Téngase en cuenta que el número de migrantes a nivel mundial se duplicará para 2050 y excederá los cuatrocientos millones, acaba de pronosticar la Organización Mundial para las Migraciones. Esto nos va a exigir, prestar más atención a las distintas historias: la de la mujer víctima de la explotación sexual contra su voluntad, la del indocumentado que busca sobrevivir y se le niega la protección que necesita, la de los niños que también sufren explotación y abuso… Por desgracia, las personas tendemos a confundirlo todo: el migrante no es ninguna amenaza; el auténtico peligro es nuestra propia avaricia de querer poseer más, el egoísmo de no ver más allá de uno mismo.
Ciertamente, en el mundo actual, ser migrante es una auténtica cruz.

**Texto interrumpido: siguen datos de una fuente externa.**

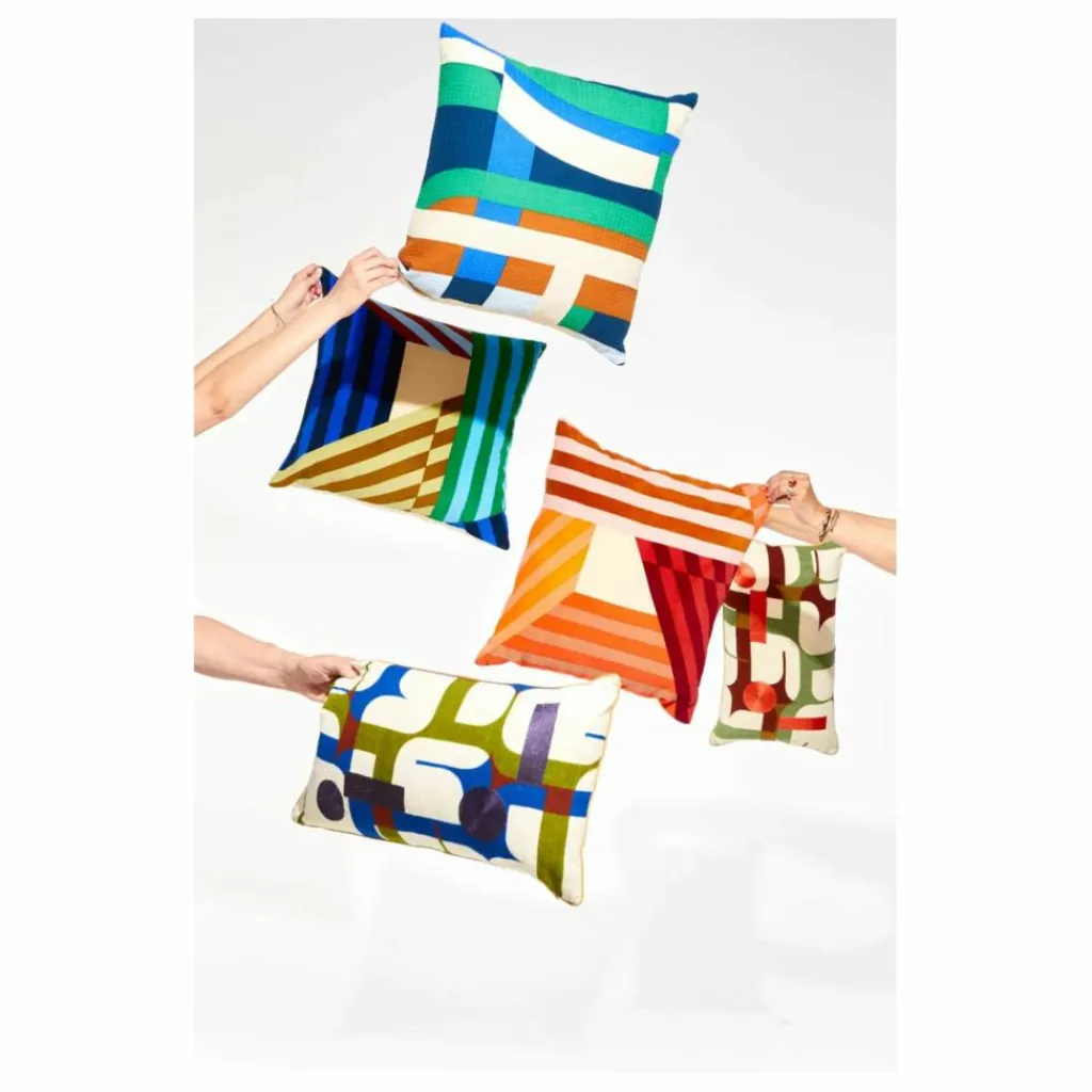 - Motif aux lignes graphiques et jeu de couleurs contrastées.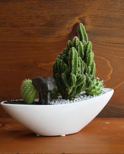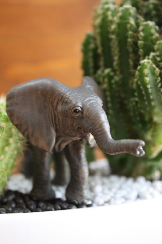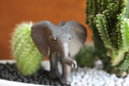 - セレウスペルビアナスと玉サボテンを植え込み、リアルなフィギアのゾウを配置しています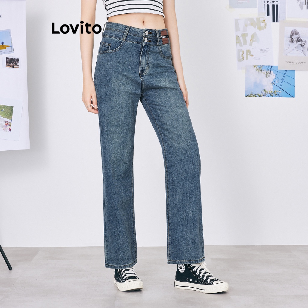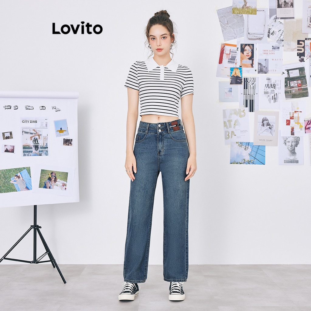 Lovito Quần bò nữ ống rộng cạp cao hình chữ V đơn giản l47ed146 (Nhiều màu)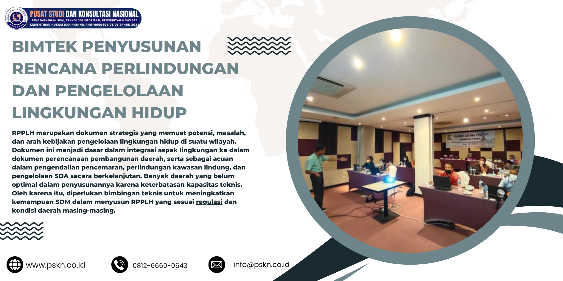 Dengan Ini Kami Pusat Studi Konsultasi Nasional Mengundangan Bapak/Ibu Untuk Hadir dalam Bimbingan Teknis Dengan Tema Bimtek Penyusunan Rencana Perlindungan dan Pengelolaan Lingkungan Hidup ”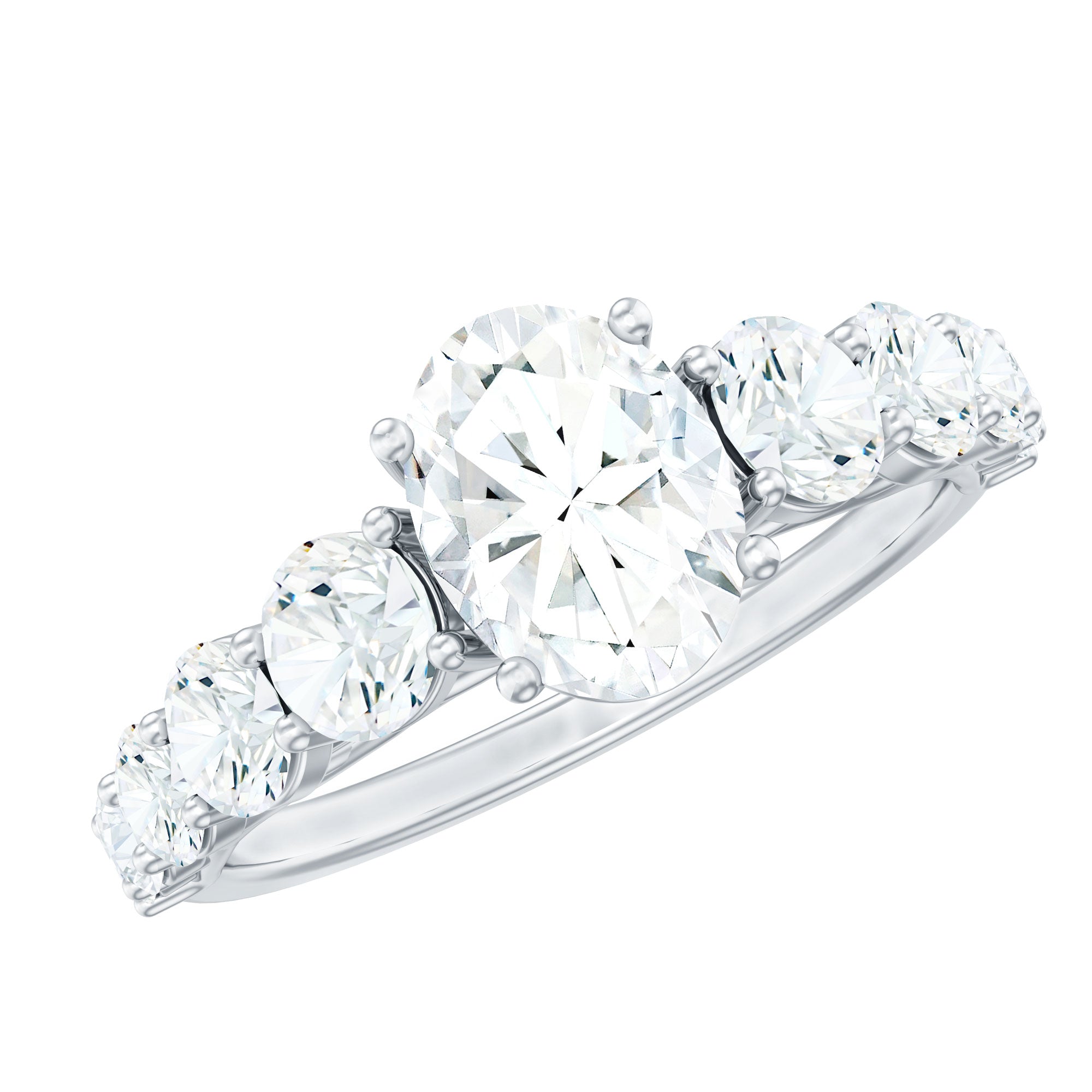 Rings combining the sparkle of a round gemstone with an elegant, elongated shape are oval engagement rings. With 58 facets, this shape gives gemstones more brilliance and a larger look than round-shaped stones of the same carat weight.The oval is measured by its length and width, with a ratio between 1.33 and 1.66, for a personalized fit.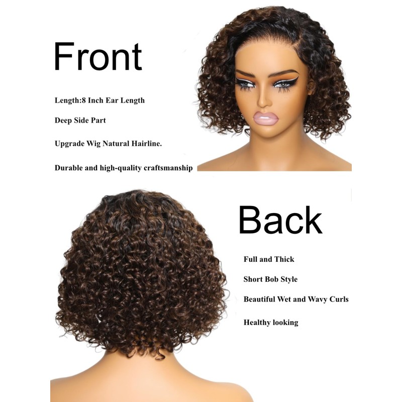 - 4.Save money bob wig: Curly short bob wig human hair just 30 seconds install. No hairstylist needed. Ready to go wigs glueless human hair, beginner-friendly. Real glueless No glue needed. Easy to maintain everyday wear bob wig human hair glueless.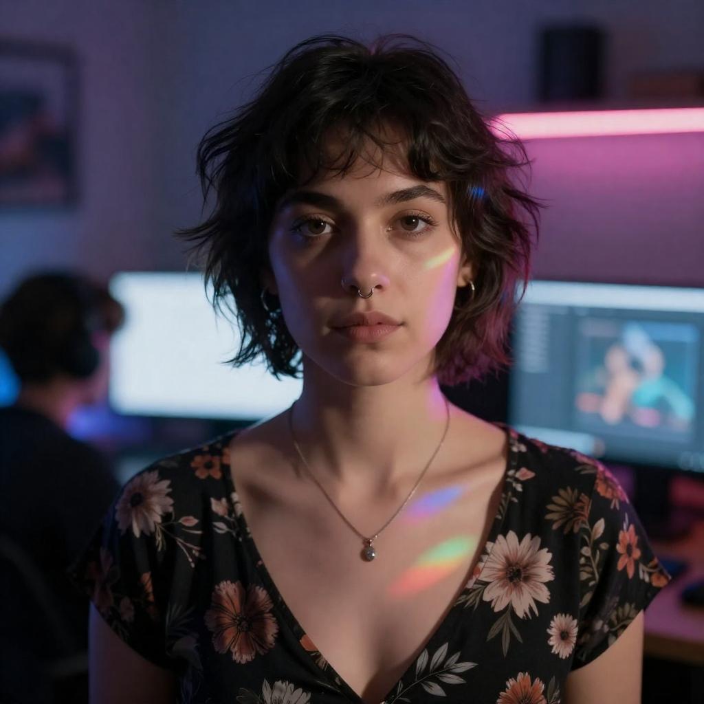 Portrait of a young woman with short dark hair wearing a sleeveless brown top, standing by a window in a dimly lit room. She has a tattoo on her left upper arm and holds the window frame with both hands while looking intently outside. Soft vertical light beams create shadows on the wall behind her.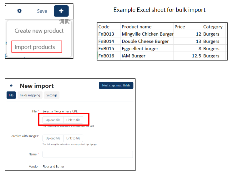 - If you have a list of products in an excel sheet, bulk import it at once.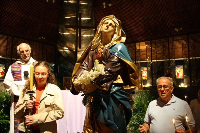 No final, os homens da Comunidade São Miguel Arcanjo se colocaram ao lado de Nossa Senhora das Dores e rezaram uma dezena do Terço, acompanhados pelas mulheres. Depois de termos feito a reflexão de todo o sofrimento de Jesus até o Calvário, a imagem de Nossa Senhora emocionou a todos.

Se les excluye como compañeros de viaje, a pesar de que se vocifere el derecho a la libertad de movimiento, y a tantas otras libertades, que son más bien para soñarlas, porque nos las hemos impedido vivir. En ocasiones da la sensación que la migración no es cuestión humana, que no es una persona la que decide cambiar de lugar. A los migrantes nadie los acoge con calor de hogar. Son los otros. Como si no fueran los nuestros. El tema de la unidad del género humano debiera ser lección prioritaria en todos los planes educativos. Desde luego, la humanidad tiene, para saber conducirse, que escucharse en conjunto. El valor de la acogida, de la hospitalidad y del amor por el prójimo, se sabe, pero no se practica. Lo que se lleva, si acaso, es tomar la crueldad ajena como espectáculo. Del fanatismo a la barbarie sólo media un paso, y los migrantes tienen todas las papeletas para divertimento de los poderosos. Así de claro.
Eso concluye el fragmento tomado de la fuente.